(DATA FOR REVIEW begins)

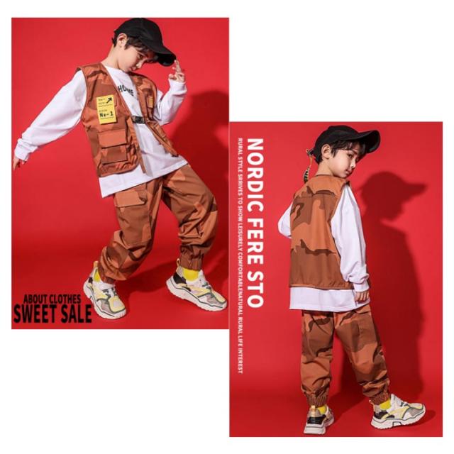 ヒップホップ ダンス衣装 セットアップ キッズ ダンス衣装 ベスト 長ズボン 上下セット 2点セット 迷彩柄 男の子 女の子 ユニセックス 子ども ダンス衣装 K-POP 子供服 こども服 キッズ服 ノースリーブ トップス ウエストゴム レッスンウエア ストリート系 原宿系 送料無料
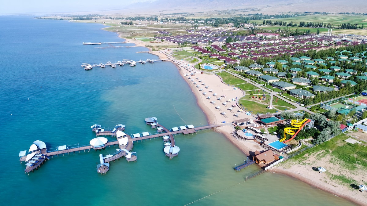 Zupełnie nowy dom klasy premium w Chaika Resort nad brzegiem jeziora Issyk-Kul. Przestronny i stylowy, z panoramicznym widokiem na jezioro i góry z obu pięter. Zaledwie kilka kroków od plaży. Na miejscu znajdują się restauracja, bar, plac zabaw dla dzieci, boisko do piłki nożnej i bezpłatny parking. Dom nigdy wcześniej nie był wynajmowany i jest w pełni wyposażony, aby zapewnić komfortowy pobyt.
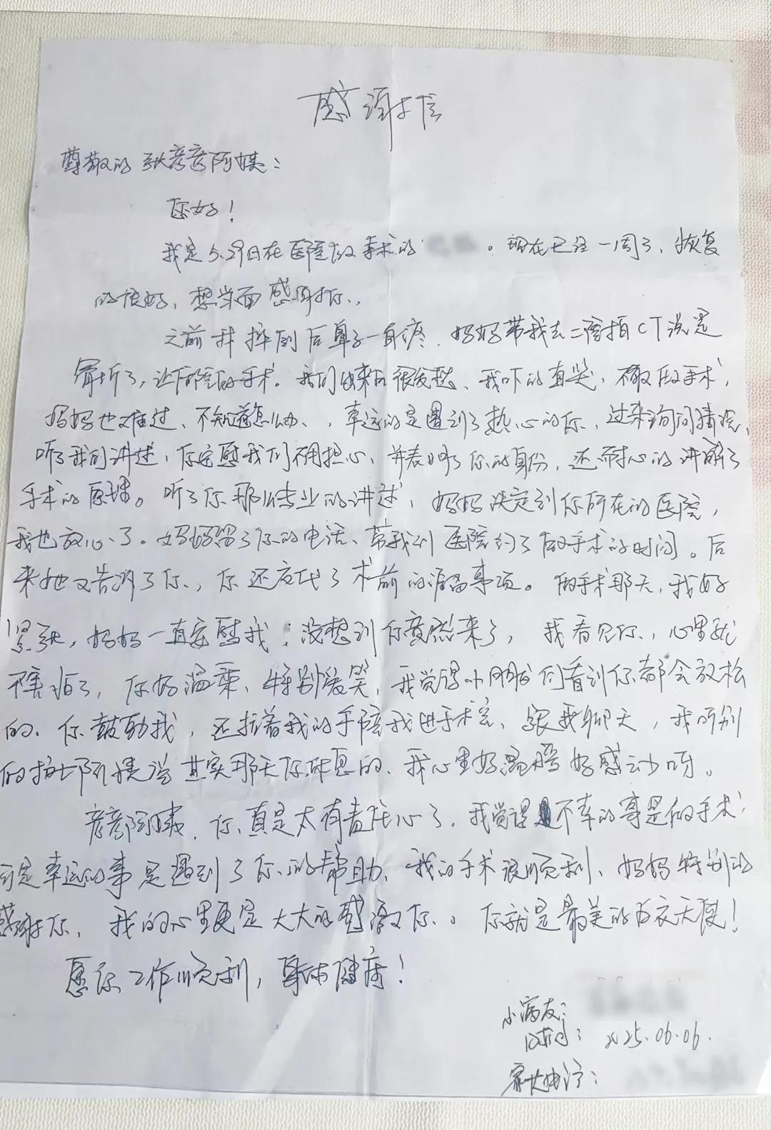 看似一個(gè)很平常的舉動(dòng),當(dāng)孩子?jì)寢尭嬷⒆右院螅∨笥言谛牡追N下了感恩的種子,出院以后專程來醫(yī)院送來了這封感謝信......
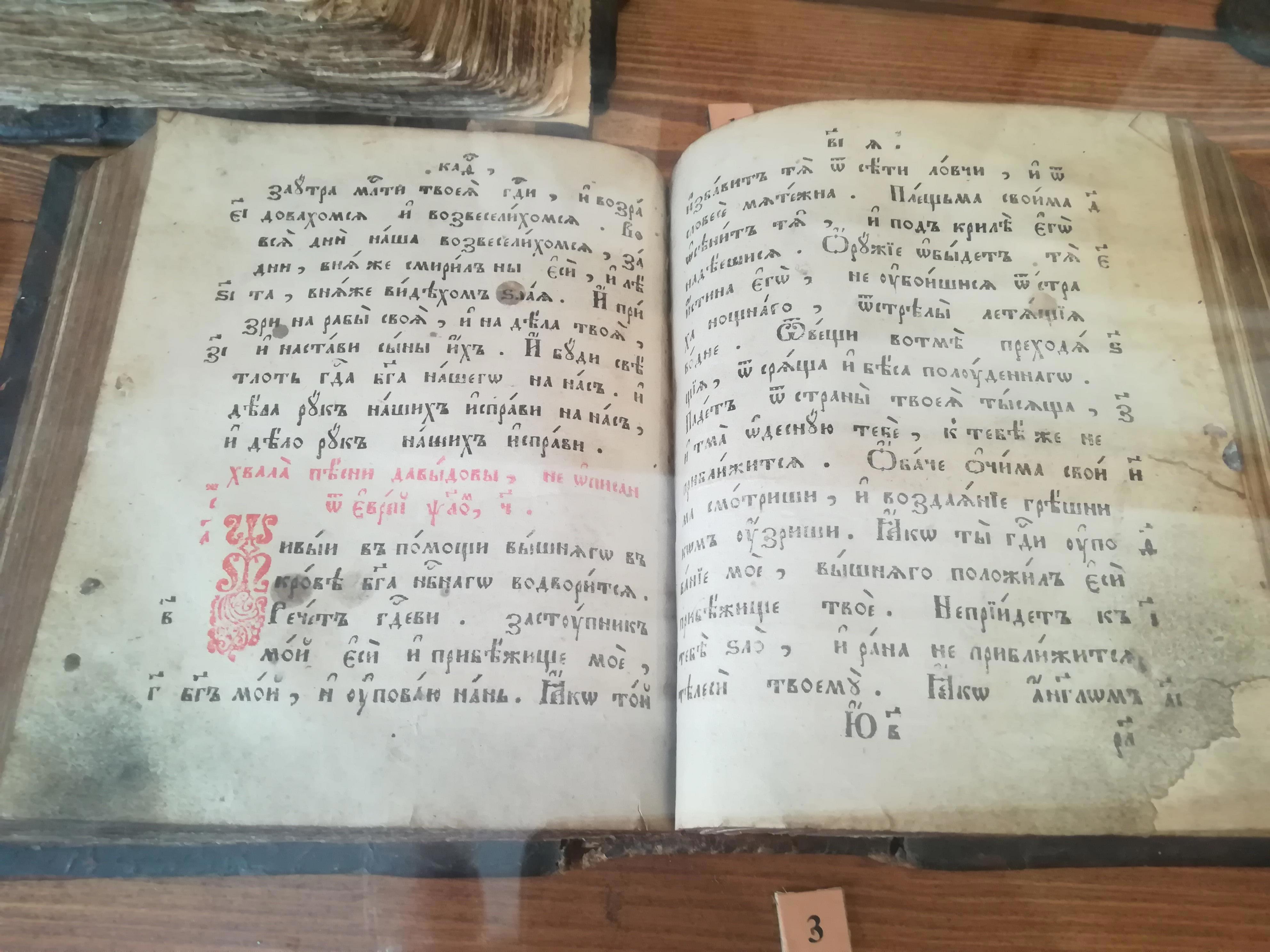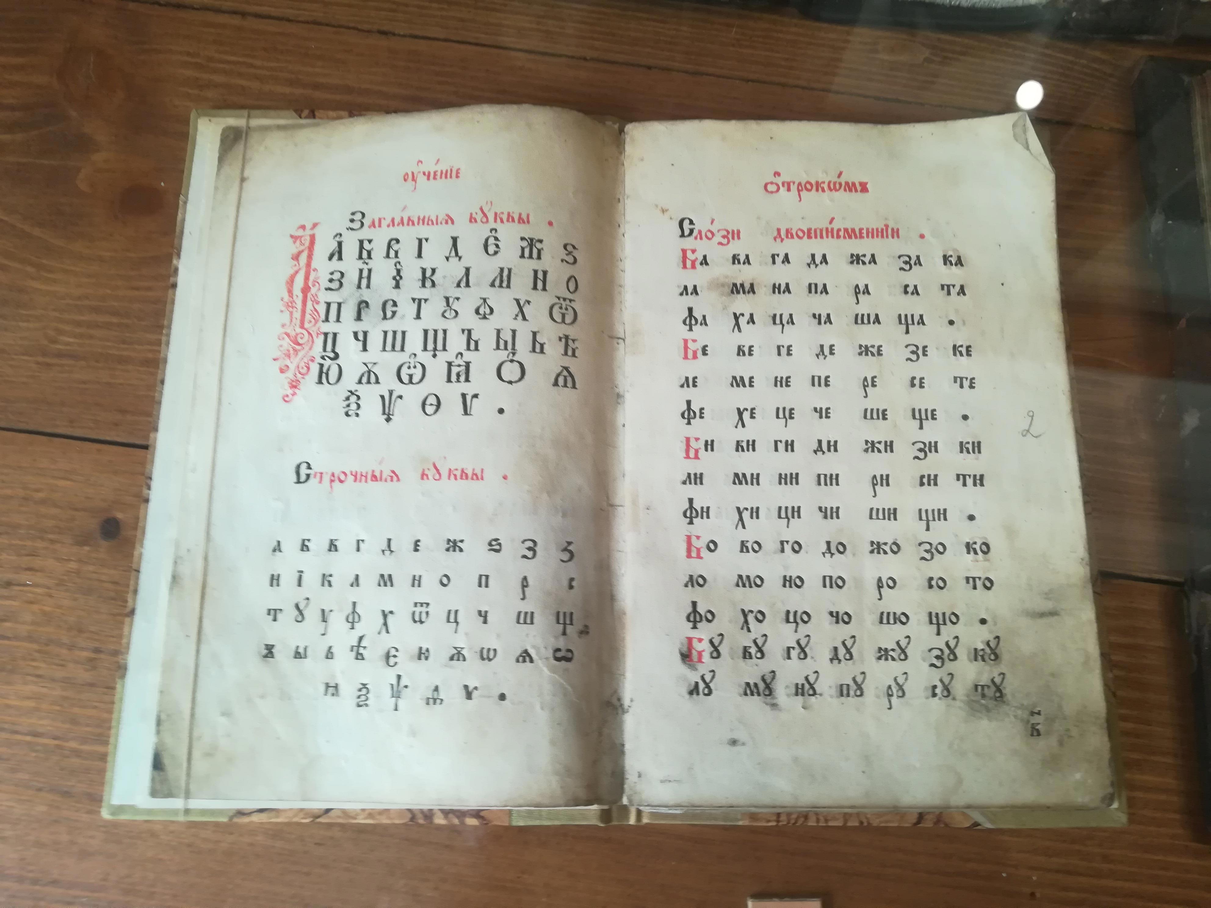 Часослов, азбука, псалтырь, 18 век, с такими, а может и этими книгами актер ходил в школу. Наверное, ребенку было нелегко носить тяжелые книги, но он старался, учился, выше на фото они за стеклом, все три слева.
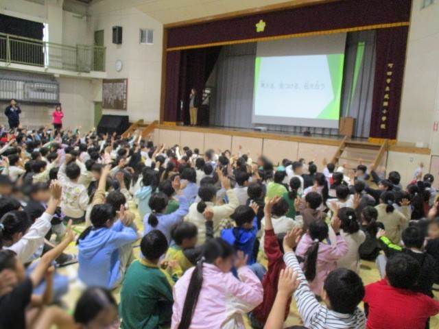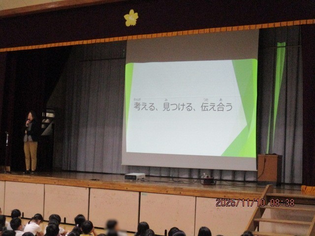 今日の全校朝会の様子です。 最初に校長先生から「遠足は天気にも恵まれて、上級生が下級生のめんどうを良く見て楽しい遠足になりましたね。」とお話がありました。 続けてスクリーンに映し出された映像を見ながら「今日は3つのお話があります。 まず相手の気持ちを考えるということです、相手が嫌がることをしない。相手の良いところを見つける。良いところを見つけたらそれを相手に伝える。ということです。 それから挨拶はとても大切です、相手の目を見て挨拶をしましょう。」 とお話があり、児童は一つ一つ「はい!」と声を出して返事をしていました。
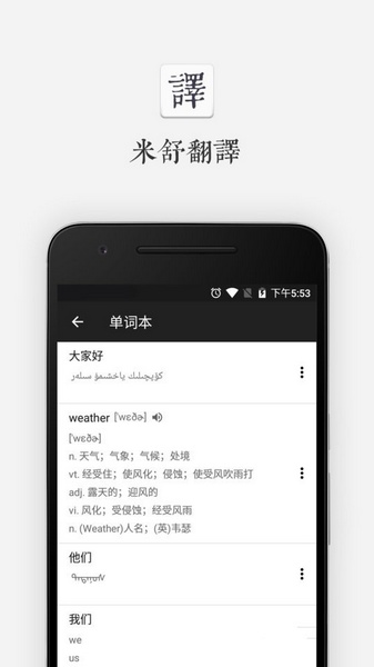 米舒翻译,精致的少数民族语言翻译app,精心打造的定制主题、智能的语音识别及高效的在线翻译引擎。
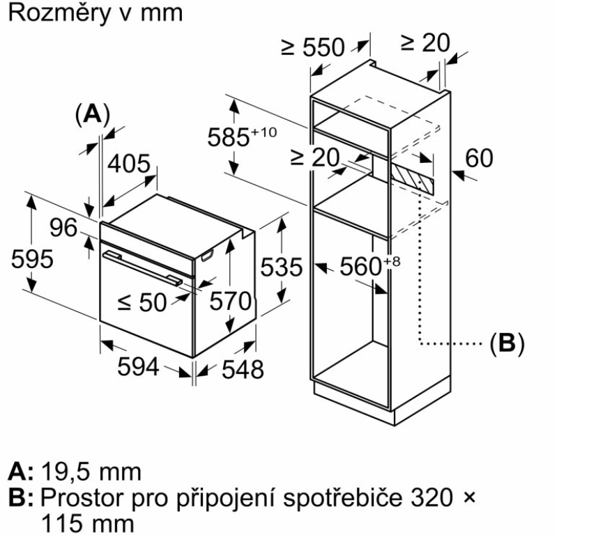 rozměry niky (V x Š x H): 585 mm - 595 mm x 560 mm - 568 mm x 550 mm
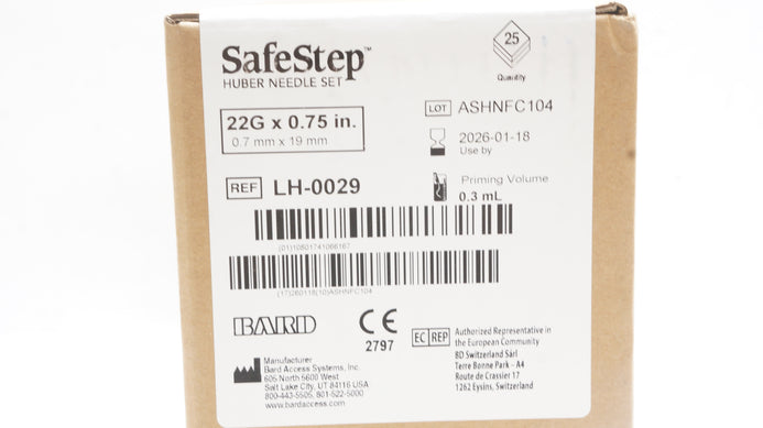 - Bard LH-0029 SafeStep Huber Ndle Set 22G x 0.75inch Prim. Vol. 0.3mL - Box of 25
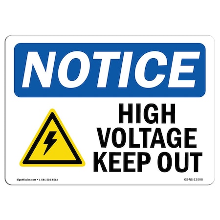 OSHA Notice Sign, 18" H, 24" W, Rigid Plastic, High Voltage Keep Out Sign With Symbol, Landscape

(DATA FOR REVIEW ends)

WHAT THIS TASK INVOLVES: Write out exactly the lines above, from the very first through the line containing "看似一個(gè)很平常的舉動", both kept, with the pictures removed.

RESPONSE:
 ヒップホップ ダンス衣装 セットアップ キッズ ダンス衣装 ベスト 長ズボン 上下セット 2点セット 迷彩柄 男の子 女の子 ユニセックス 子ども ダンス衣装 K-POP 子供服 こども服 キッズ服 ノースリーブ トップス ウエストゴム レッスンウエア ストリート系 原宿系 送料無料
 Zupełnie nowy dom klasy premium w Chaika Resort nad brzegiem jeziora Issyk-Kul. Przestronny i stylowy, z panoramicznym widokiem na jezioro i góry z obu pięter. Zaledwie kilka kroków od plaży. Na miejscu znajdują się restauracja, bar, plac zabaw dla dzieci, boisko do piłki nożnej i bezpłatny parking. Dom nigdy wcześniej nie był wynajmowany i jest w pełni wyposażony, aby zapewnić komfortowy pobyt.
 看似一個(gè)很平常的舉動(dòng),當(dāng)孩子?jì)寢尭嬷⒆右院螅∨笥言谛牡追N下了感恩的種子,出院以后專程來醫(yī)院送來了這封感謝信......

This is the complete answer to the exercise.